Издав восклицание, Вордени обернулась, и я заметил на ее лбу капли пота после очередного приступа дурноты. Дыхание было тяжелым, в воздухе висел кислый запашок рвоты.
Она заметила, как я смотрю.
– Что?
– Ты как, в порядке?
– Нет, Ковач. Я умираю. А как ты?
– Уверена, что войти в порт – это хорошая идея?
– И ты туда же! Мне показалось, уже все обсудили – с Сутъяди и Шнайдером.
Я не ответил, только подумал о ее лихорадочно заблестевших глазах. Таня закашлялась.
– Знаешь, если Хэнд этим удовлетворится и нам удастся вернуться домой, тогда я скажу – идея была хорошая. А этот чертов порт безопаснее, чем операция по привариванию буя к кораблю.
Я покачал головой.
– Но ведь дело в другом.
– В чем?
– А вот в чем. Тебе хочется попасть внутрь прежде, чем там окажется «Мандрагора» и увезет в закрытый док. Ты хочешь обладать этим кораблем сама, пусть в течение нескольких часов. Скажешь, нет?
– А ты?
– Полагаю, мы все этого хотим. Кроме, быть может, Сутъяди и Шнайдера.
Я знал, что этого захотела бы Крюиксхэнк. Представляю, как загорелись бы ее глаза – судя по энтузиазму, с которым она говорила тогда, ночью, стоя на траулере у поручней. Тот же интерес был на лице Иветты в момент, когда в ультрафиолетовом свете мы увидели блеск ворот, готовившихся к открытию. Возможно, поэтому смутный разговор в закутке у туалета, где воняло блевотиной, меня не задевал вовсе. Возможно, то было чувство долга.
Вордени пожала плечами.
– Ладно, проехали. И в чем проблема?
– Ты знаешь, в чем.
Нетерпеливо хмыкнув, Вордени попыталась выйти. Я загородил проход.
– Уйди с моей дороги, – прошипела она. – Высадка через пять минут. Мне нужно в рубку.
– Таня, почему они не вошли внутрь?
– Мы должны…
– Все это ерунда. Приборы Амели показывают наличие пригодной для дыхания атмосферы. Они нашли способ открыть порт или он уже был открыт. Но предпочли остаться снаружи, чтобы умереть от нехватки воздуха. Почему они это сделали?
– Ты был на собрании. У них не было пищи, они…
– Да-да, я законспектировал метры и метры твоих рациональных доводов.

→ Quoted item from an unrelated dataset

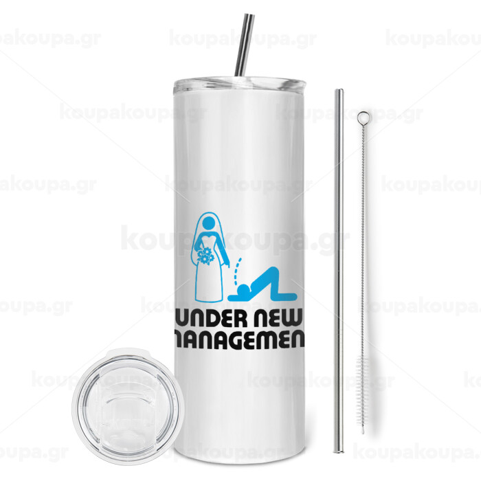Under new Management, Tumbler ποτήρι θερμό από ανοξείδωτο ατσάλι 600ml, με μεταλλικό καλαμάκι & βούρτσα καθαρισμού

Но не услышал ничего, объясняющего простую вещь: четверо профессиональных археологов предпочли умереть в скафандрах, не захотев провести последние часы своей жизни внутри величайшей из археологических находок за всю историю человеческой расы.
Таня мгновение колебалась, и все же я успел заметить взгляд той женщины, что однажды была со мной под водопадом. Потом в уголках ее глаз появилась тревога.
– Почему ты спрашиваешь? Запусти свой комплект спасательной аппаратуры и поговори с ними. У них остались стеки, разве нет?
– Оборудование выведено из строя. Разъедено, как и все наши буи. Поэтому вопрос к тебе. Почему они так сделали?
Она опять замолчала, напряженно глядя куда-то вбок. Кажется, один глаз Тани начал дергаться. Впрочем, это быстро прошло, и она посмотрела на меня с холодным спокойствием – так же, как в момент освобождения из лагеря. Наконец она сказала:
– Не знаю. И раз мы не в состоянии их допросить – есть лишь один способ проверить.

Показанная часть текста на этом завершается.